During Pregnancy Body-based feelings in pregnancy can be re-triggering to a woman who has deep, somatic memories of childhood sexual abuse. Simple things such as the position of your body during vaginal exams can bring back emotional memories of past abuse. The baby moving inside your body might cause intense joy, but might also create an underlying uneasiness.

During Birth Childbirth is an intense experience; a time of hormonal, physical and emotional exertion. Early trauma can be triggered by a particular scent for example, or a body position. If you feel powerless, not heard, or disregarded by your healthcare providers during childbirth, it can activate the symptoms of post-traumatic stress and flashbacks of your past trauma.

During Postpartum There are many physical, emotional and psychological factors feeding your emotional health during this time.

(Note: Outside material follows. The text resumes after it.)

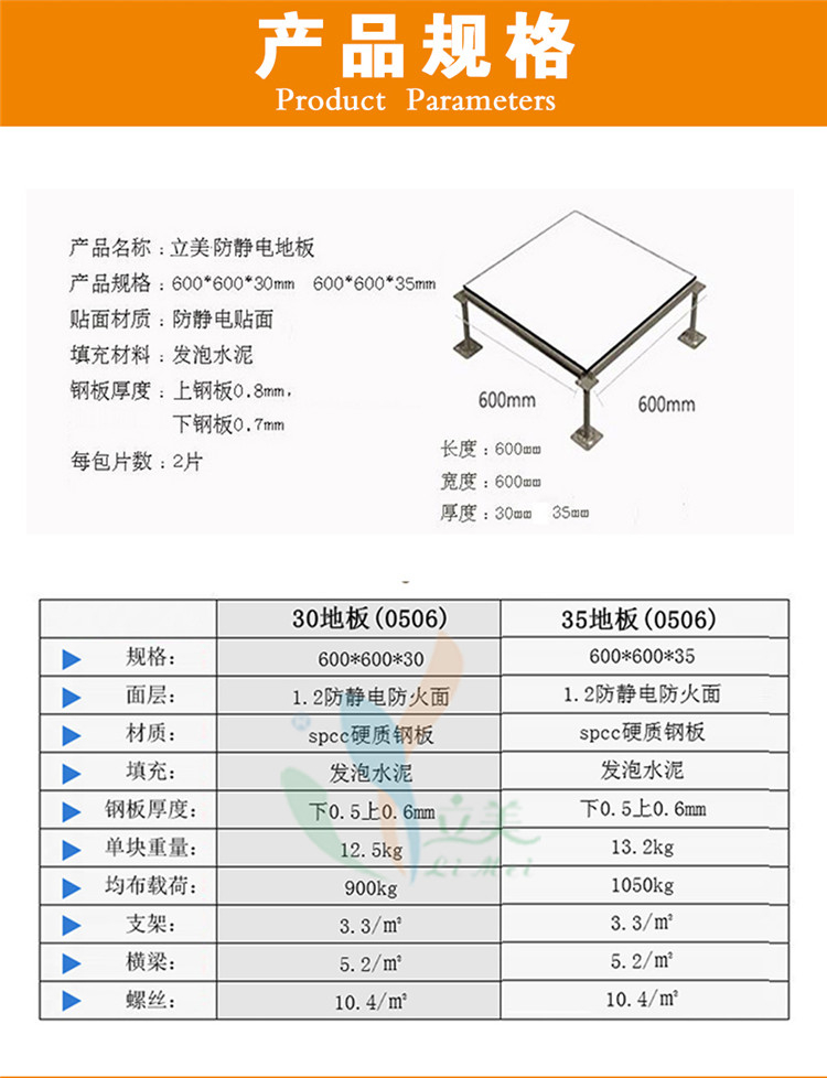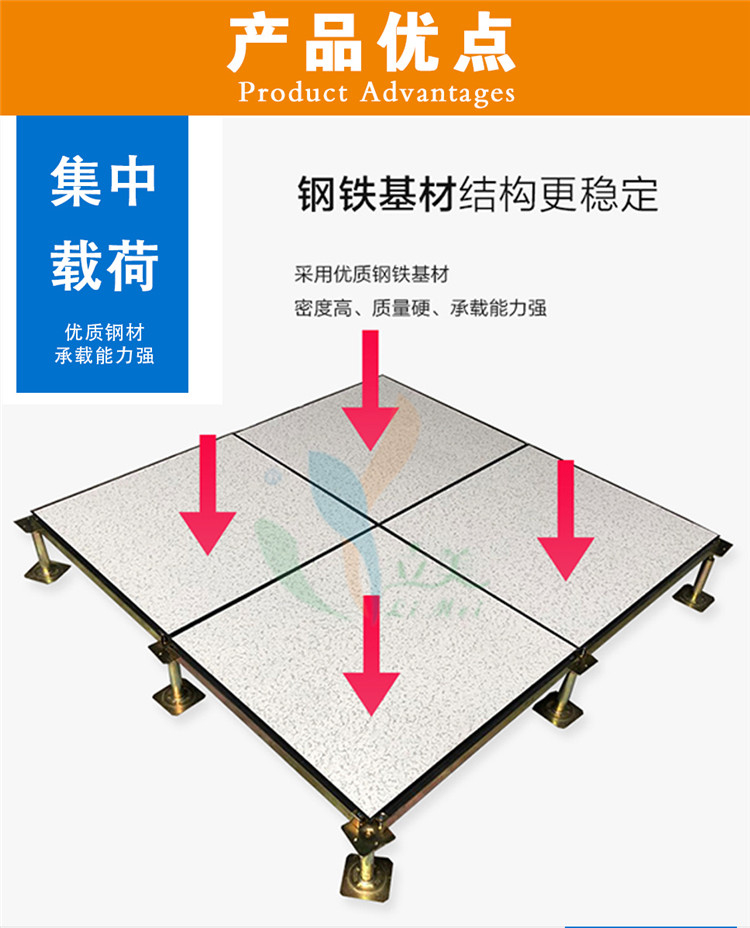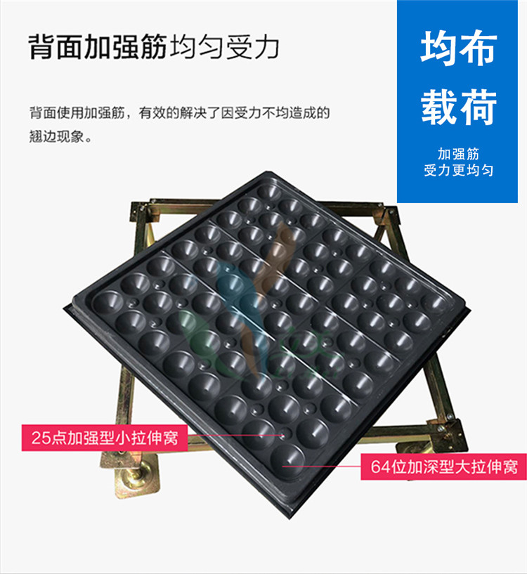 承载能力强:全钢结构赋予了地板较高的强度和刚性,均布载荷和集中载荷指标较高,如悦莱全钢防静电地板(重型)的均布荷载可达 33000N/㎡(约 3.3 吨 /㎡),集中荷载为 5560N(约 567kg),能稳定支撑重型设备,避免变形或塌陷。

And it’s true that a pre-existing personal depressive or anxiety disorder, or pre-existing PTSD, sets your body up for another episode postpartum. Intense physical and hormonal changes, plus adjusting to a new lifestyle caring for an infant is physically and emotionally challenging. Feelings of frustration emerge as you adjust your schedule to accommodate your baby. The endless touching may leave you feeling like your body isn’t your own anymore. Breastfeeding may feel triggering to some, as it too may cause confusing sexual feelings.

So what can you do to proactively manage your mental health during these phases of motherhood? First, I want you to know that your childhood sexual abusive does NOT define you. Your past does NOT have to be your destiny. With perseverance, you can move beyond being a survivor towards thriving and blooming beautifully. It’s not an easy task, but your self-esteem is worth the fight! Managing the effects of an abusive childhood is an on-going deeply personal experience. It’s honorable life work, and highly individualized. As you move along your healing path, you’ll choose what’s right for you.

Tips to help enhance your experience of pregnancy, birth and postpartum:

1.Recognize that post-traumatic stress is a real disorder, not some fake diagnosis.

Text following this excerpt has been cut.